Implement a cache with O(1) get and put that evicts the least frequently used entry, breaking ties by least recently used.

By Alex Chen, Founder, InterviewChamp.AI · Last verified

Problem

Design an LFU cache with capacity C that supports get(key) and put(key, value) in O(1). When the cache is full, evict the least frequently used item; on a frequency tie, evict the least recently used among them.

Constraints

  • 0 <= capacity <= 10^4
  • Up to 2*10^5 operations
  • 0 <= key, value <= 10^9

Examples

Example 1

Input
cap=2; put(1,1); put(2,2); get(1); put(3,3); get(2); get(3); put(4,4); get(1); get(3); get(4)
Output
1; -1; 3; -1; 3; 4

Example 2

Input
cap=0; put(0,0); get(0)
Output
-1

Approaches

1. Heap by (freq, time)

Keep a min-heap keyed by (freq, last-access tick). Get/put are O(log n) — fails the contract but is conceptually simpler.

Time
O(log n)
Space
O(n)
/* Min-heap with stale entries; lazy delete on pop. Conceptually clear but slower than O(1). */

Tradeoff:

2. Freq buckets of ordered maps

Map key -> {value, freq}; map freq -> insertion-ordered Map of keys at that freq. Track minFreq. On access, move the key to bucket freq+1 and bump minFreq if its old bucket empties.
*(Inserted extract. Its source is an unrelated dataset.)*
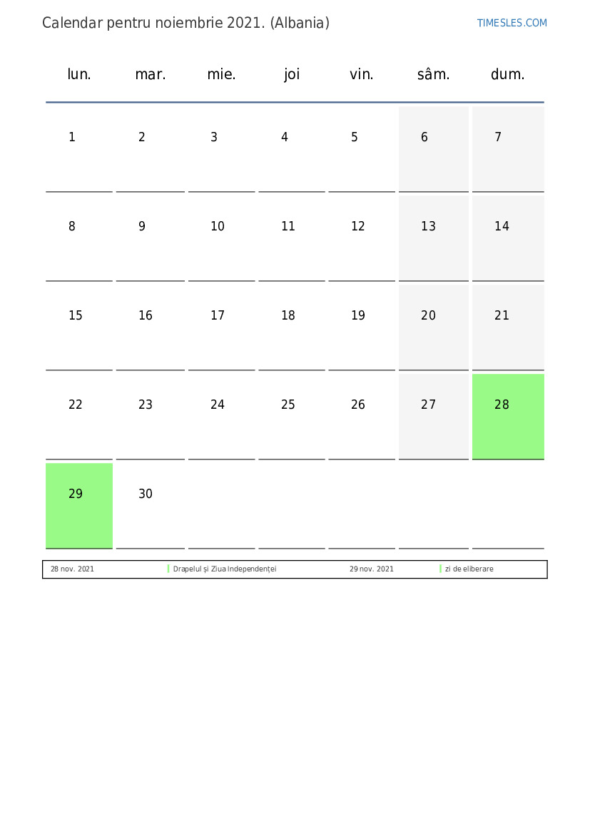 Calendarul sărbătorilor și weekendurilor pentru noiembrie 2021 pentru Albania

Eviction pulls the first key from the minFreq bucket.

Time
O(1)
Space
O(C)
class LFUCache {
  constructor(capacity){
    this.cap = capacity;
    this.entries = new Map();
    this.buckets = new Map();
    this.minFreq = 0;
  }
  _touch(key){
    const e = this.entries.get(key);
    this.buckets.get(e.freq).delete(key);
    if (this.buckets.get(e.freq).size === 0){
      this.buckets.delete(e.freq);
      if (this.minFreq === e.freq) this.minFreq++;
    }
    e.freq++;
    if (!this.buckets.has(e.freq)) this.buckets.set(e.freq, new Map());
    this.buckets.get(e.freq).set(key, true);
  }
  get(key){
    if (!this.entries.has(key)) return -1;
    this._touch(key);
    return this.entries.get(key).value;
  }
  put(key, value){
    if (this.cap === 0) return;
    if (this.entries.has(key)){
      this.entries.get(key).value = value;
      this._touch(key);
      return;
    }
    if (this.entries.size >= this.cap){
      const bucket = this.buckets.get(this.minFreq);
      const evictKey = bucket.keys().next().value;
      bucket.delete(evictKey);
      if (bucket.size === 0) this.buckets.delete(this.minFreq);
      this.entries.delete(evictKey);
    }
    this.entries.set(key, { value, freq: 1 });
    if (!this.buckets.has(1)) this.buckets.set(1, new Map());
    this.buckets.get(1).set(key, true);
    this.minFreq = 1;
  }
}

Tradeoff:

GitLab-specific tips

GitLab maps LFU onto runner-pool warm caches — they want to see that you can keep frequency ordering and LRU tie-breaking both O(1) when scheduling artifact reuse across a million jobs.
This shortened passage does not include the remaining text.